DATA PROVIDED Block Start

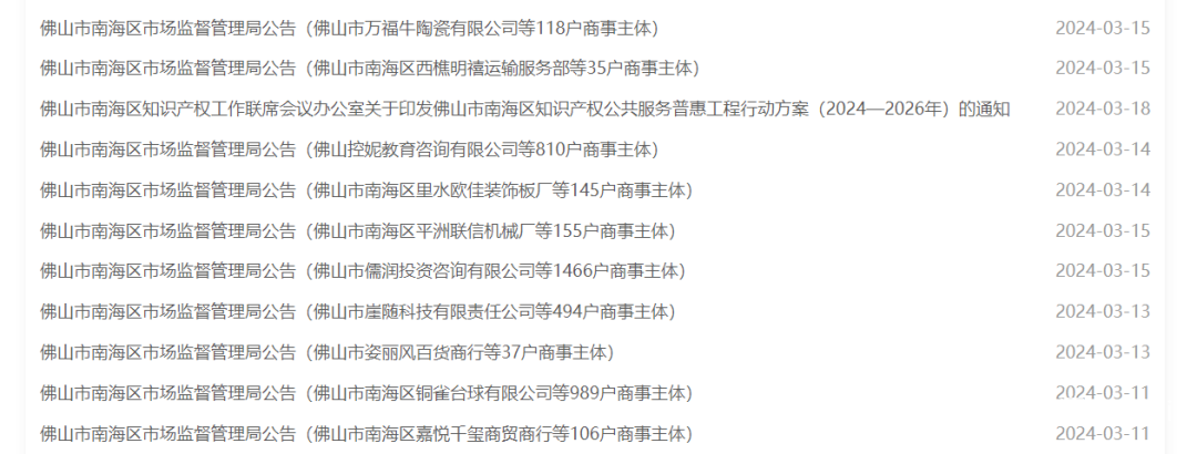 5家佛山陶企被吊销营业执照大量“僵尸企业”被清理近期,佛山市南海区市场监督管理局一连发布多份公告,对6000+“僵尸企业”进行依法清理。公告显示,经过与区税务部门核对数据,南海区市场监管局共梳理出2021年度、2022年度连续两个年度未报年报、未纳税企业7587户,经核查共立案查处6258户,唤醒企业619户,不符合吊销条件710户。截至目前,立案查处的6258户“僵尸企业”均进入吊销处罚决定公告阶段。
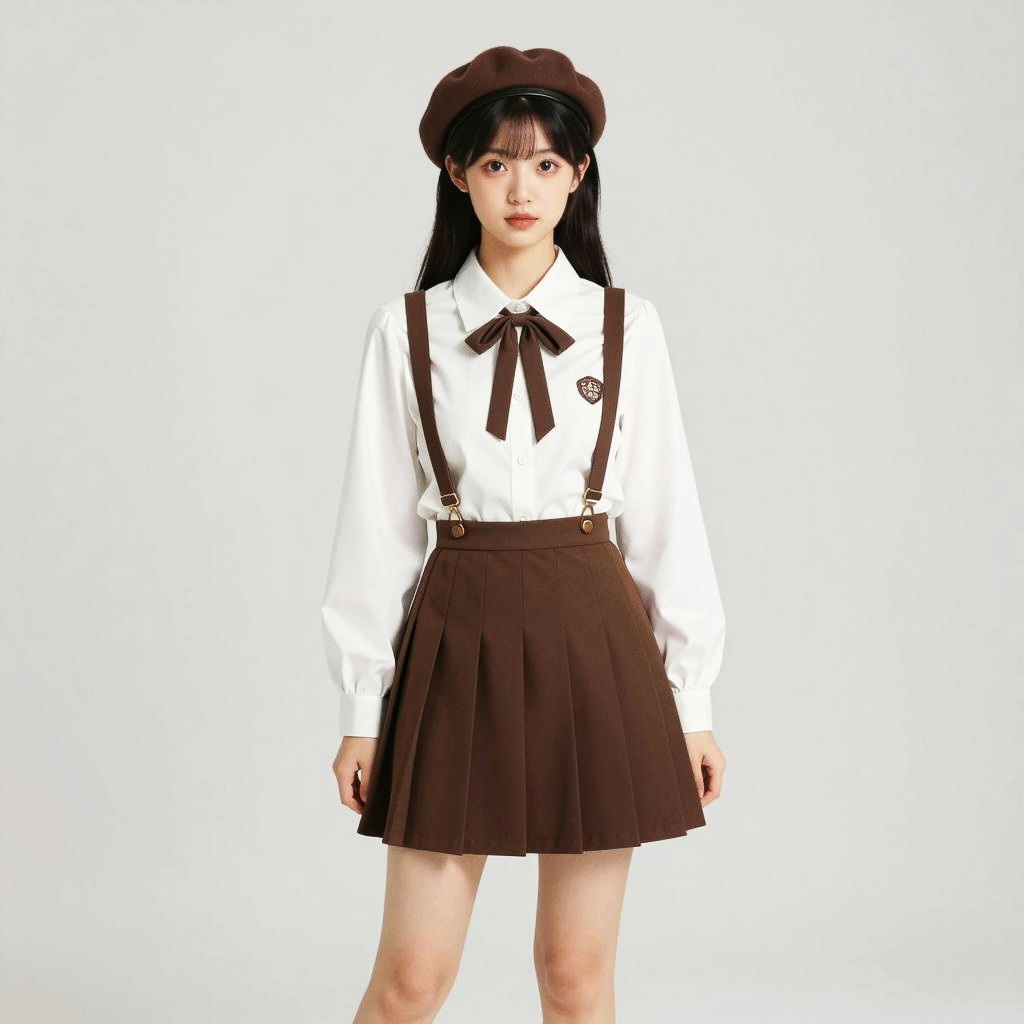 Portrait of a young East Asian woman wearing a vintage-inspired outfit consisting of a white blouse with a brown bow tie, brown pleated skirt with suspenders, and a matching brown beret. She stands confidently against a plain light gray background, showcasing a classic retro style with an elegant, polished look.
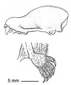 This species was only recently discovered and described. It is characterised by the attachment point of the plagiopatagium, its large skull size, the distinctive shape of the rostrum, and the relative sizes of the upper incisors.[2] It is known from Kirirom National Park, Cambodia where it was collected in disturbed semi-evergreen gallery forests.[1] It is also recorded from Thailand.[3]
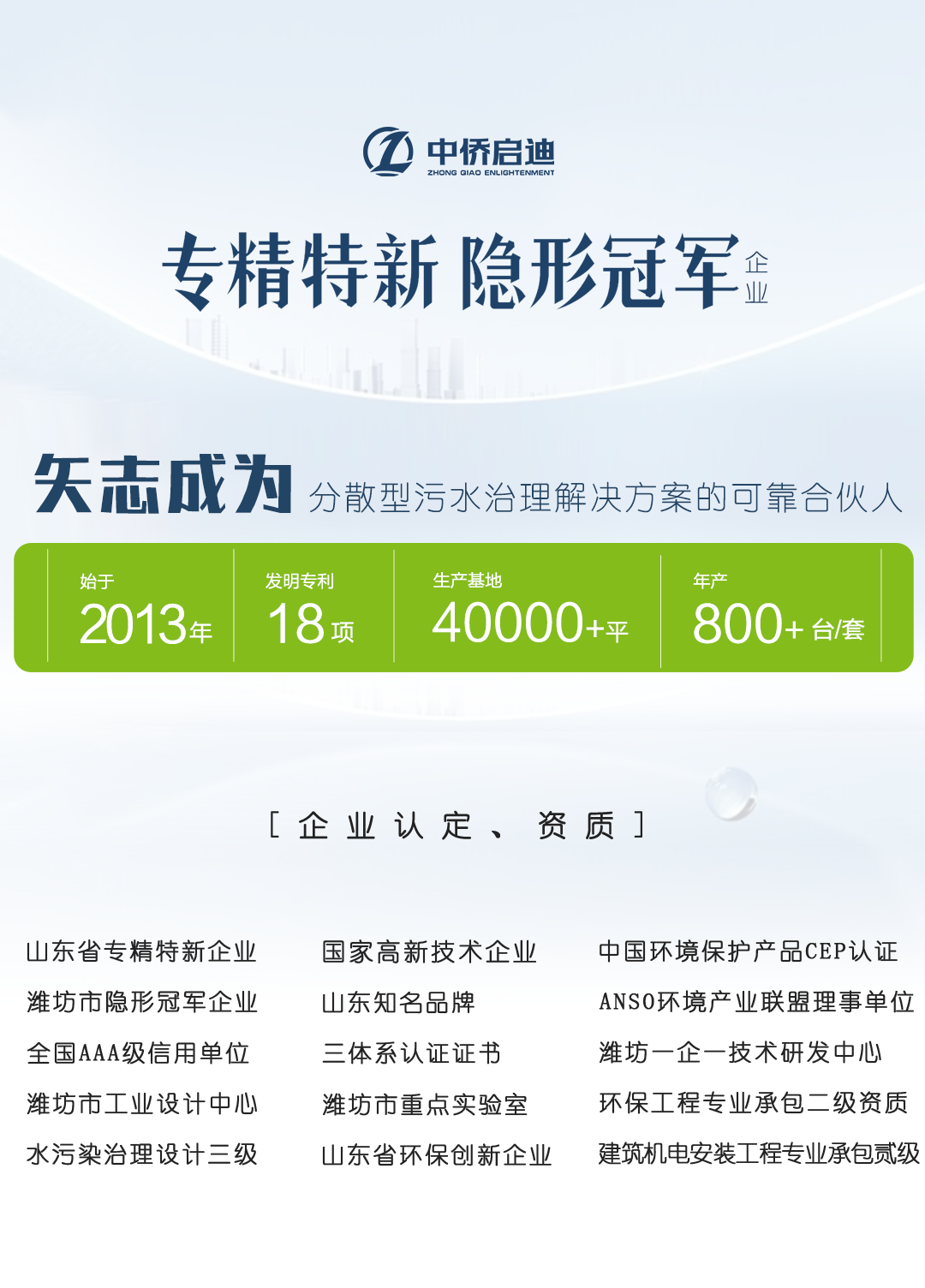 | 核心设备 | 8 套中侨启迪 QDPP 一体化污水处理设备,单套额定处理量 250m³/d,采用 PP 一体成型罐体,抗腐蚀、寿命长 |

DATA PROVIDED Block End

## WHAT NEEDS TO BE DONE
Return the material word for word, images omitted.

## TASK RESPONSE
 5家佛山陶企被吊销营业执照大量“僵尸企业”被清理近期,佛山市南海区市场监督管理局一连发布多份公告,对6000+“僵尸企业”进行依法清理。公告显示,经过与区税务部门核对数据,南海区市场监管局共梳理出2021年度、2022年度连续两个年度未报年报、未纳税企业7587户,经核查共立案查处6258户,唤醒企业619户,不符合吊销条件710户。截至目前,立案查处的6258户“僵尸企业”均进入吊销处罚决定公告阶段。
 Portrait of a young East Asian woman wearing a vintage-inspired outfit consisting of a white blouse with a brown bow tie, brown pleated skirt with suspenders, and a matching brown beret. She stands confidently against a plain light gray background, showcasing a classic retro style with an elegant, polished look.
 This species was only recently discovered and described. It is characterised by the attachment point of the plagiopatagium, its large skull size, the distinctive shape of the rostrum, and the relative sizes of the upper incisors.[2] It is known from Kirirom National Park, Cambodia where it was collected in disturbed semi-evergreen gallery forests.[1] It is also recorded from Thailand.[3]
 | 核心设备 | 8 套中侨启迪 QDPP 一体化污水处理设备,单套额定处理量 250m³/d,采用 PP 一体成型罐体,抗腐蚀、寿命长 |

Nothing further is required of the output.